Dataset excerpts
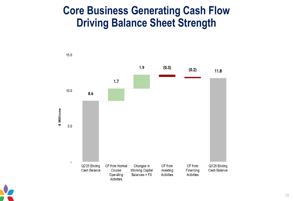 Pivotree’s financial position strengthened during Q3 2025, with cash balances increasing from $8.6 million at the end of Q2 to $11.8 million by quarter-end. This $3.2 million improvement was driven by $1.7 million in cash flow from normal course operating activities and $1.9 million from working capital improvements and foreign exchange effects.
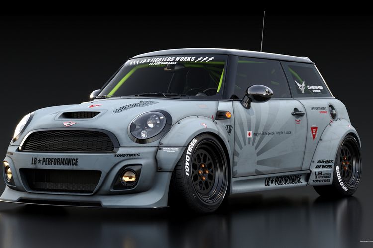 Penampilan MINI Cooper besutan Liberty Walk, Jepang, disuntik steroid hingga berubah melar dengan wide body. Simak ulasannya
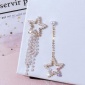 925银针**气质长款流苏不对称五角星耳环女珍珠耳钉个性耳坠饰
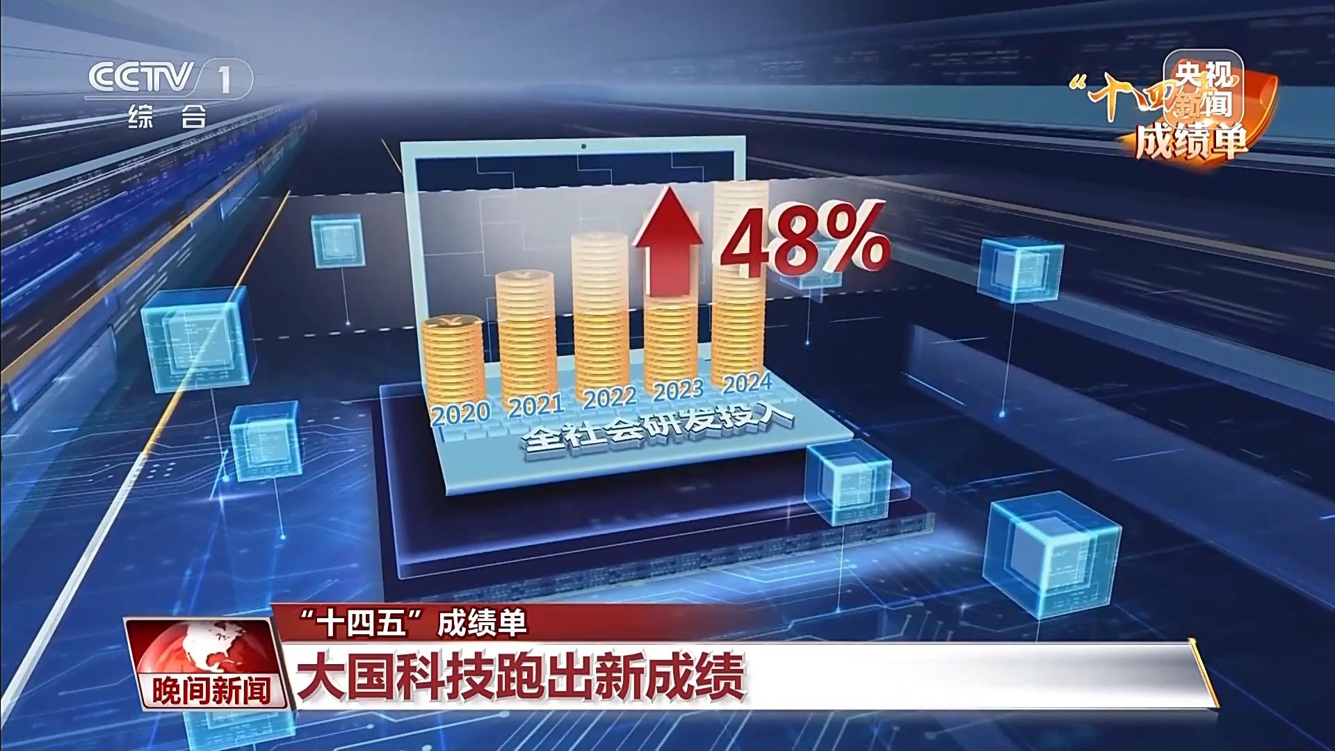 数据显示,2024年,全社会研发投入超3.6万亿元,较2020年增长48%;研发投入强度超过欧盟国家平均水平;研发人员总量世界第一。
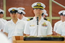 おおなみ艦長が「一致団結、任務に当たります。おおなみ出港します。」と力強く報告。
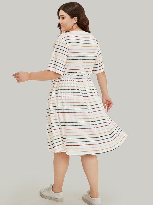 Rainbow Striped V Neck Pocket Contrast Midi Dress
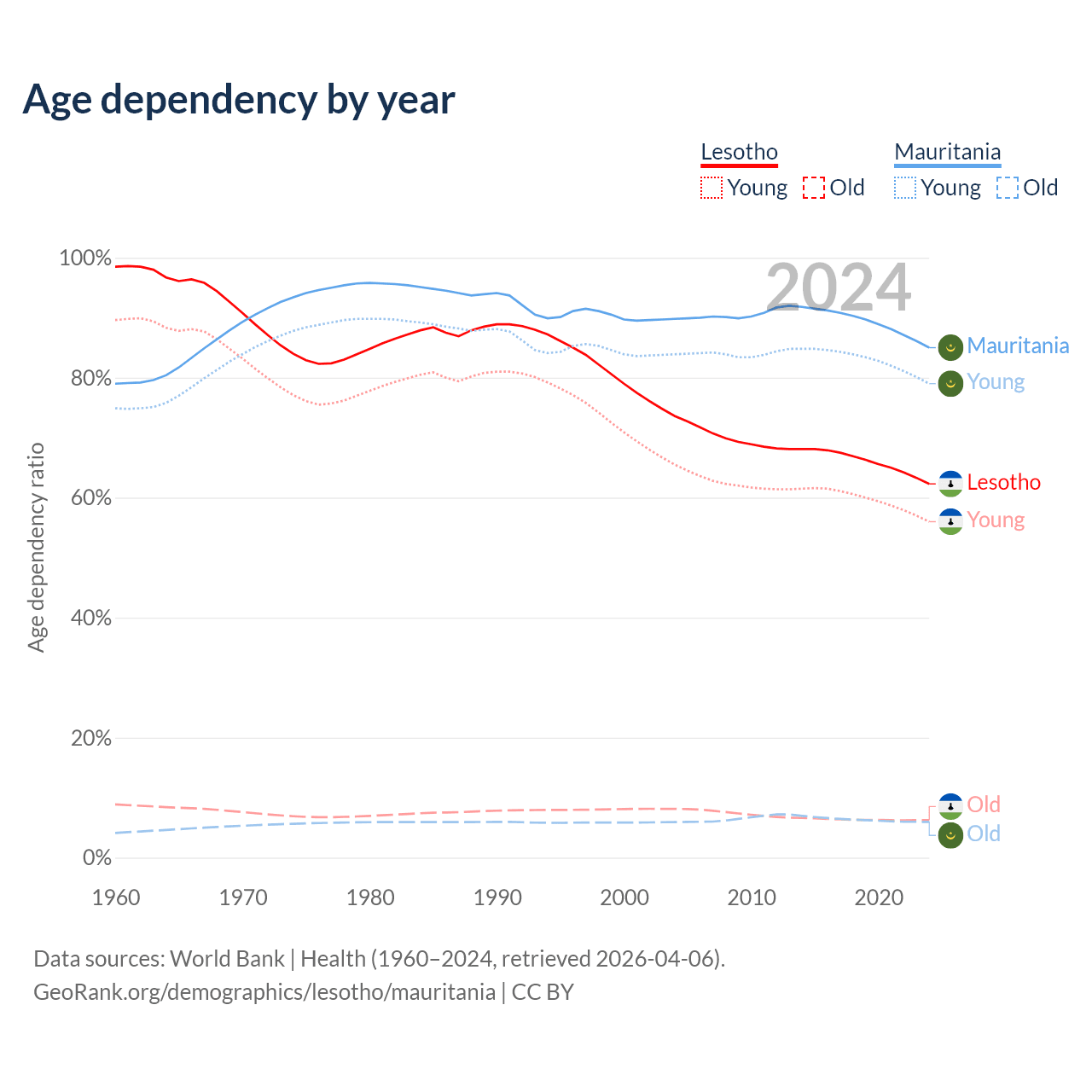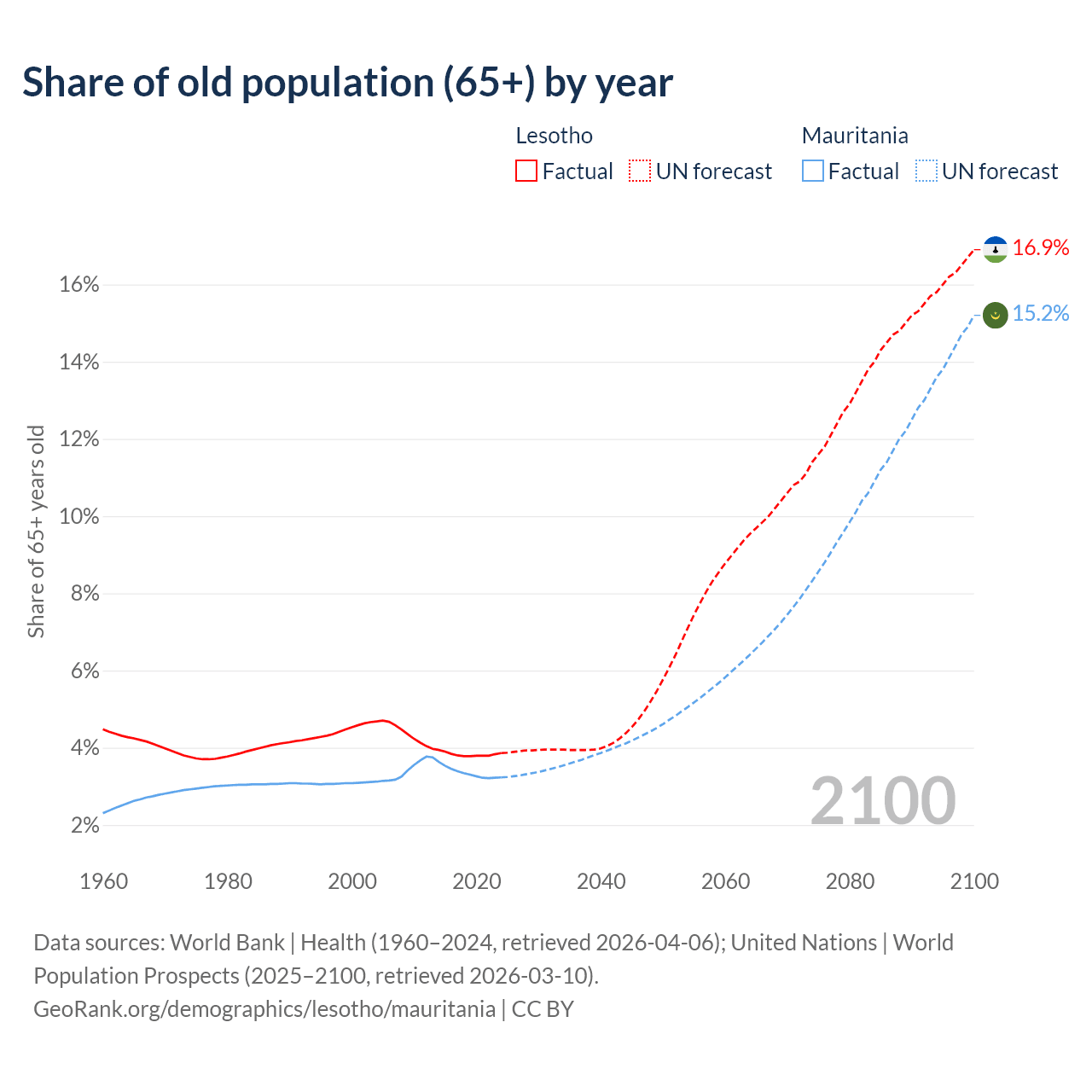 - The share of old-age demographic (65+) in Lesotho is 3.86% vs 3.23% in Mauritania.
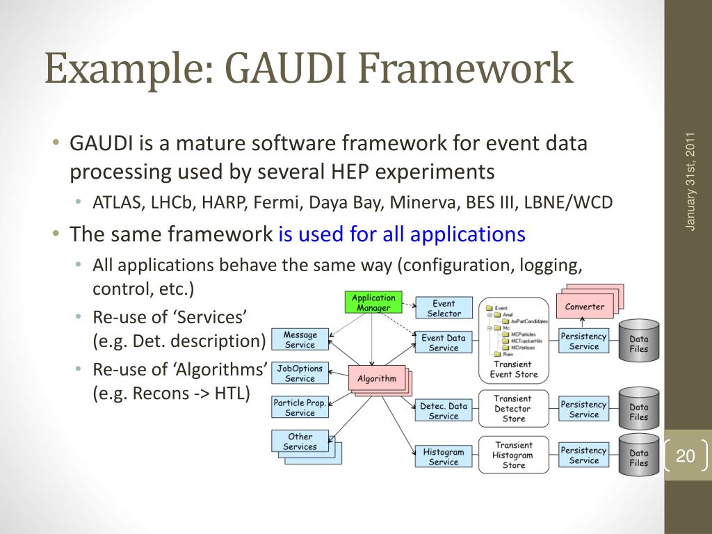 Example: GAUDI Framework • GAUDI is a mature software framework for event data processing used by several HEP experiments • ATLAS, LHCb, HARP, Fermi, Daya Bay, Minerva, BES III, LBNE/WCD • The same framework is used for all applications • All applications behave the same way (configuration, logging, control, etc.) • Re-use of ‘Services’(e.g. Det. description) • Re-use of ‘Algorithms’ (e.g. Recons -> HTL)
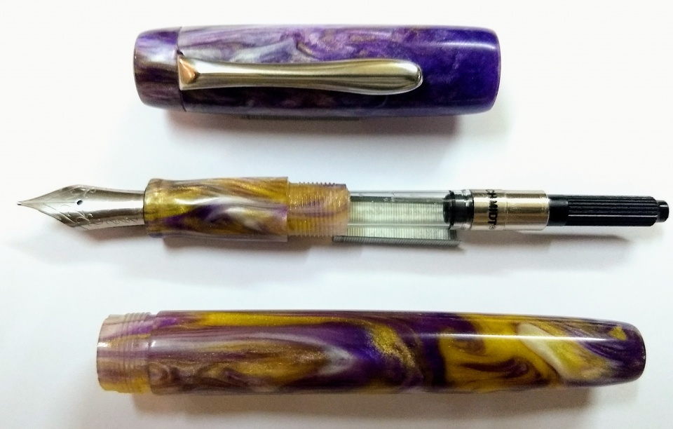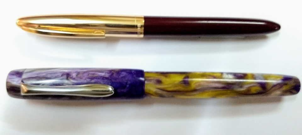 Made one pen last night. Woodshed Poly resin blank , Jowo 6 nib unit and Schmidt k5 converter. I like the way the blank shows the colours. Moderate size as shown in the comparison photo. Hope you like the design. Welcome comments and criticisms.
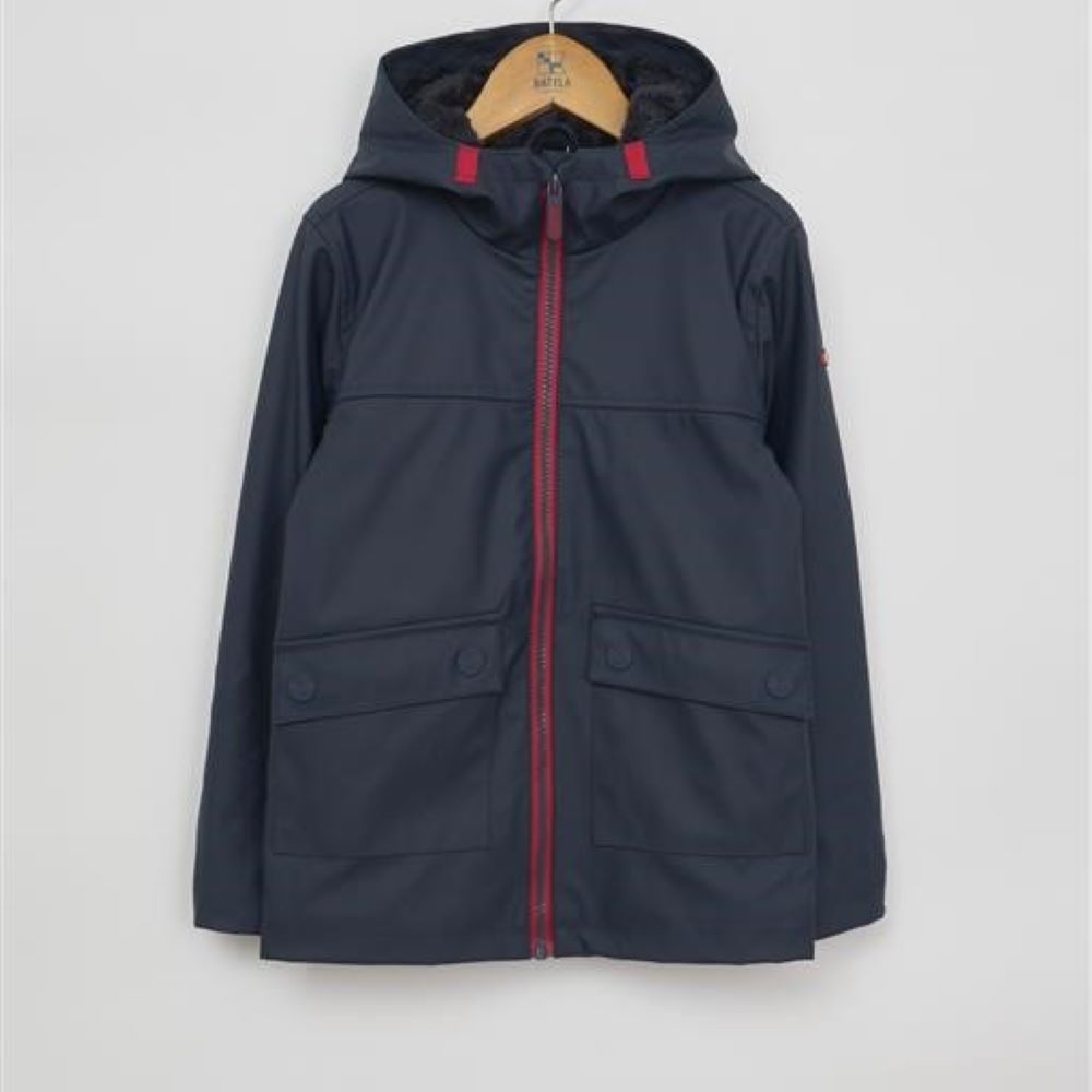 Parka infantil com design náutico clássico, pensado para garantir conforto e isolamento nos dias de chuva e vento. O exterior em poliuretano impermeável assegura proteção eficaz, enquanto o forro interior em pelo suave oferece uma sensação quente e aconchegante mesmo nas temperaturas mais baixas.
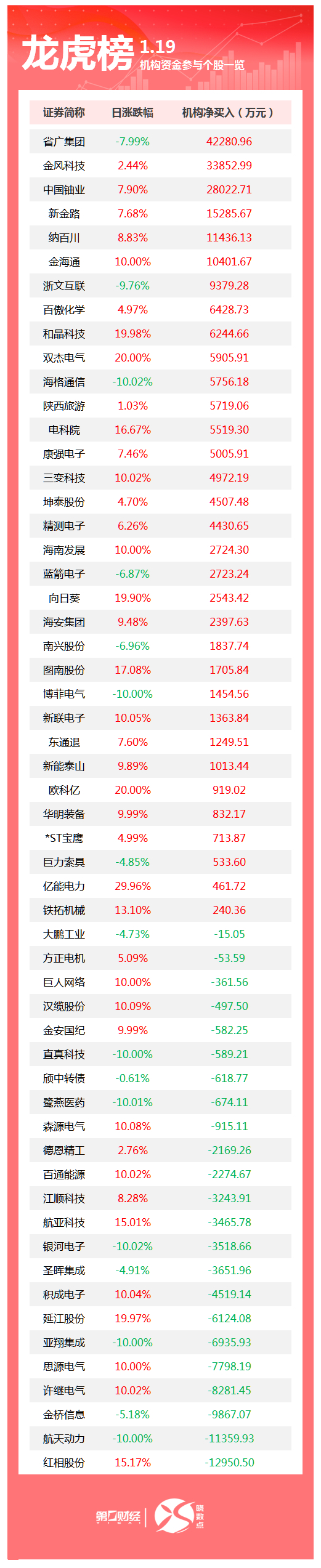 当天机构净买入前三的股票分别是省广集团、金风科技、中国铀业,净买入金额分别是4.23亿元、3.39亿元、2.8亿元。

- **Task requirements**
Return the data word for word without its pictures.

- **Answer to the exercise**
 Pivotree’s financial position strengthened during Q3 2025, with cash balances increasing from $8.6 million at the end of Q2 to $11.8 million by quarter-end. This $3.2 million improvement was driven by $1.7 million in cash flow from normal course operating activities and $1.9 million from working capital improvements and foreign exchange effects.
 Penampilan MINI Cooper besutan Liberty Walk, Jepang, disuntik steroid hingga berubah melar dengan wide body. Simak ulasannya
 925银针**气质长款流苏不对称五角星耳环女珍珠耳钉个性耳坠饰
 数据显示,2024年,全社会研发投入超3.6万亿元,较2020年增长48%;研发投入强度超过欧盟国家平均水平;研发人员总量世界第一。
 おおなみ艦長が「一致団結、任務に当たります。おおなみ出港します。」と力強く報告。
 Rainbow Striped V Neck Pocket Contrast Midi Dress
 - The share of old-age demographic (65+) in Lesotho is 3.86% vs 3.23% in Mauritania.
 Example: GAUDI Framework • GAUDI is a mature software framework for event data processing used by several HEP experiments • ATLAS, LHCb, HARP, Fermi, Daya Bay, Minerva, BES III, LBNE/WCD • The same framework is used for all applications • All applications behave the same way (configuration, logging, control, etc.) • Re-use of ‘Services’(e.g. Det. description) • Re-use of ‘Algorithms’ (e.g. Recons -> HTL)
 Made one pen last night. Woodshed Poly resin blank , Jowo 6 nib unit and Schmidt k5 converter. I like the way the blank shows the colours. Moderate size as shown in the comparison photo. Hope you like the design. Welcome comments and criticisms.
 Parka infantil com design náutico clássico, pensado para garantir conforto e isolamento nos dias de chuva e vento. O exterior em poliuretano impermeável assegura proteção eficaz, enquanto o forro interior em pelo suave oferece uma sensação quente e aconchegante mesmo nas temperaturas mais baixas.
 当天机构净买入前三的股票分别是省广集团、金风科技、中国铀业,净买入金额分别是4.23亿元、3.39亿元、2.8亿元。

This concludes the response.